# New Boat



## costefishnt (Dec 11, 2006)

I like the red X


----------



## Guest (Jul 18, 2007)

That one's ugly (red x ) The one you sent me the email of looks nice though. Which one is yours ;D ;D ;D


----------



## MATT (Apr 30, 2007)

sorry but my skill at posting pic's is about as good as my spelling...


----------



## beavis (Dec 11, 2006)




----------



## orlgheenoer (Dec 10, 2006)

sweet man, looks great.


----------



## gheenoeguy (Mar 27, 2007)

Matt, very nice. I want to swing by and take a look in maybe 2 weeks from now. Good luck with your new boat, your going to love it.


----------



## MATT (Apr 30, 2007)

RJ-Thanks for the help with the pic.

Steve-The heck with letting you look at her lets take her to the daina cut off and hook a snook under the 95 over pass....


----------



## zero_gravity (Dec 14, 2006)

she looks very nice


----------



## Guest (Jul 19, 2007)

Thanks RJ.  I tried but my I-net was moving at the speed of snail.   That boat looks a lot better than the x


----------



## MATT (Apr 30, 2007)

Ron,

I would like to thank you for your help and letting me ask all those questions..

You did alot more then most would have...


----------



## Guest (Jul 19, 2007)

MATT,I went by the shop at 1PM to day to pay for my boat and there was ur boat sittin right next to me! VERY SWEET RIDE!!!


----------



## MATT (Apr 30, 2007)

Clark, I can wait to see your boat also...I am going to try to pick my boat up in the next day or so.


----------



## brew1891 (Dec 10, 2006)

> MATT,I went by the shop at 1PM to day to pay for my boat and there was ur boat sittin right next to me! VERY SWEET RIDE!!!



[smiley=worth.gif]

inquiring minds want to see some pics of your ride Clark!


----------



## Guest (Jul 20, 2007)

I will have just the Hull in 2 weeks,It going to take me some time to rig it fully.


----------



## eric__the_angler (Dec 18, 2006)

looks spiffy


----------



## MATT (Apr 30, 2007)

Well it's all set. I will be getting her saturday and heading to South Fla.


----------



## Guest (Jul 20, 2007)

> Well it's all set. I will be getting her saturday and heading to South Fla.

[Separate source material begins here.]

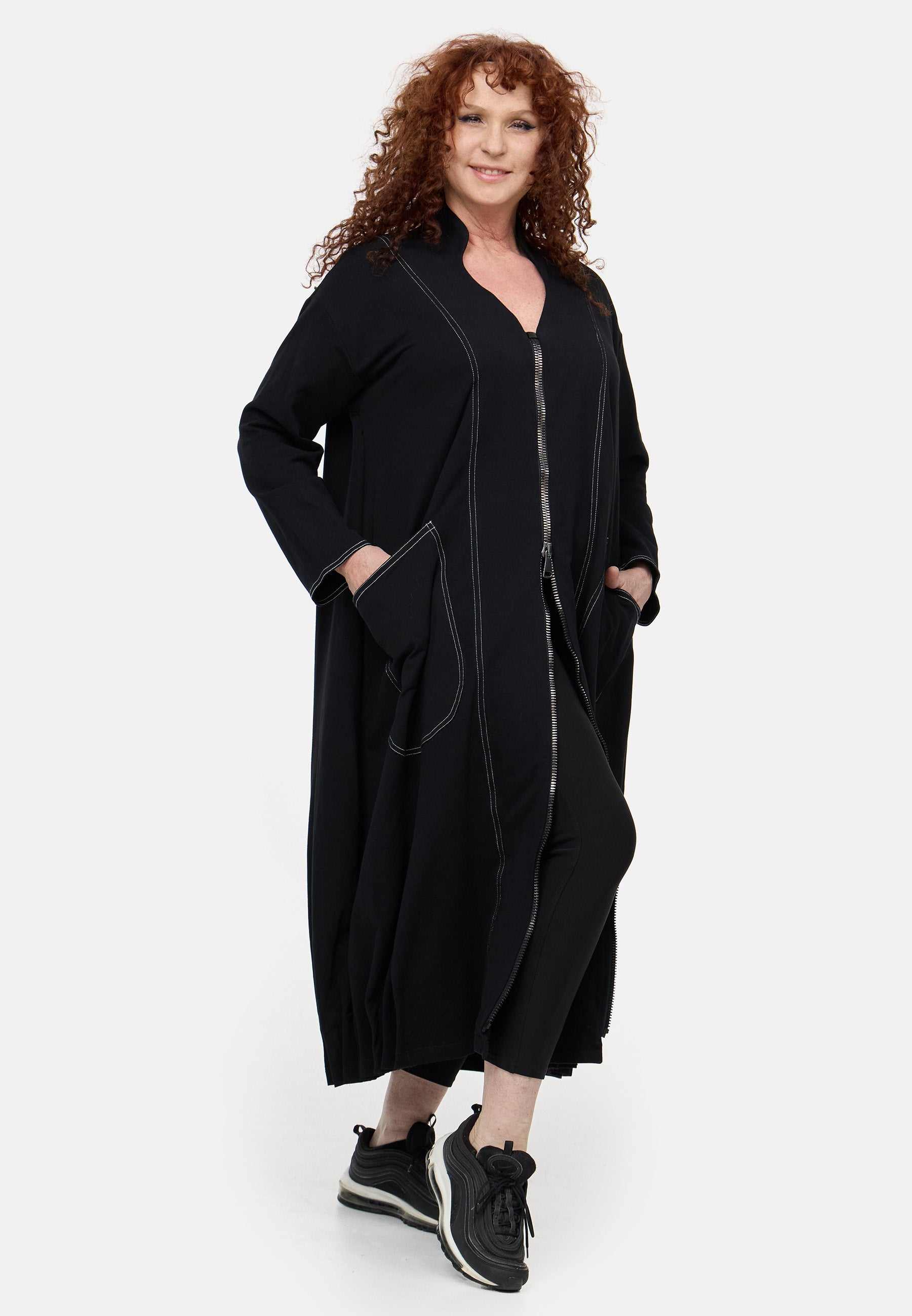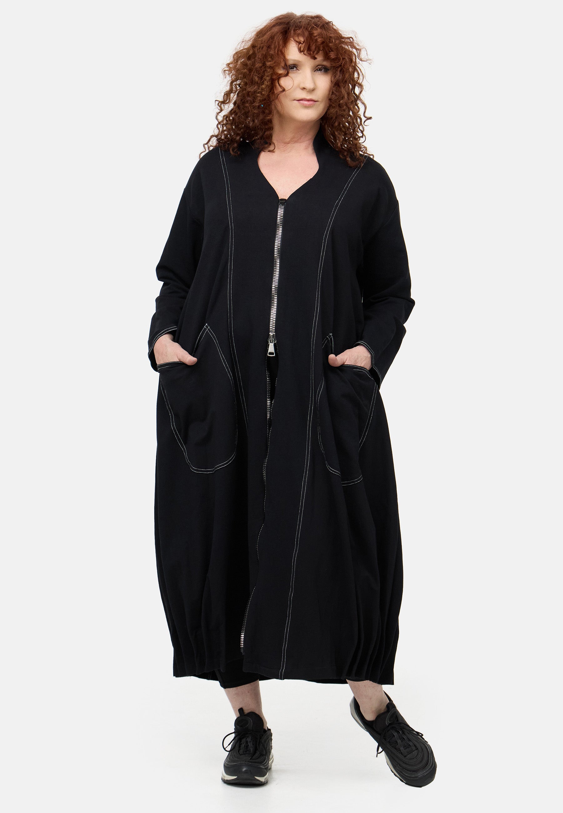 Der Mantel ist in edlem Schwarz gehalten und verfügt über elegante weiße Garn-Akzente, die ihm einen modernen Touch verleihen. Die praktischen Eingriffstaschen und der Reißverschluss sorgen für Funktionalität und Style zugleich, während die Gimmicks am Saum für eine zusätzliche Portion Raffinesse sorgen.

 yeah, I heard that if you didn't pick her up this week that CG was going to put a mail box on her nose. ;D ;D


----------



## iMacattack (Dec 11, 2006)

and????? she home yet?


----------



## MATT (Apr 30, 2007)

Not yet. I went to get her and still needs a little fishing work. set to pick her up on the 30th.....want to run up there with me? I think you need a noe to keep the pathy happy at night...


----------



## iMacattack (Dec 11, 2006)

Thanks, but I'm booked the 30th :-[


----------



## Guest (Jul 23, 2007)

> Thanks, but I'm booked the 30th  :-[


That time of the month again? Want me to call your parole officer this time?


----------



## zero_gravity (Dec 14, 2006)

let me know where your going to splash her that week I'm free that week [smiley=1-dancingchief.gif] I'll take some action shots


----------



## MATT (Apr 30, 2007)

Eric, I am off work that tue and wed also. Lets brake in the motor and get some snapper blood on the deck.....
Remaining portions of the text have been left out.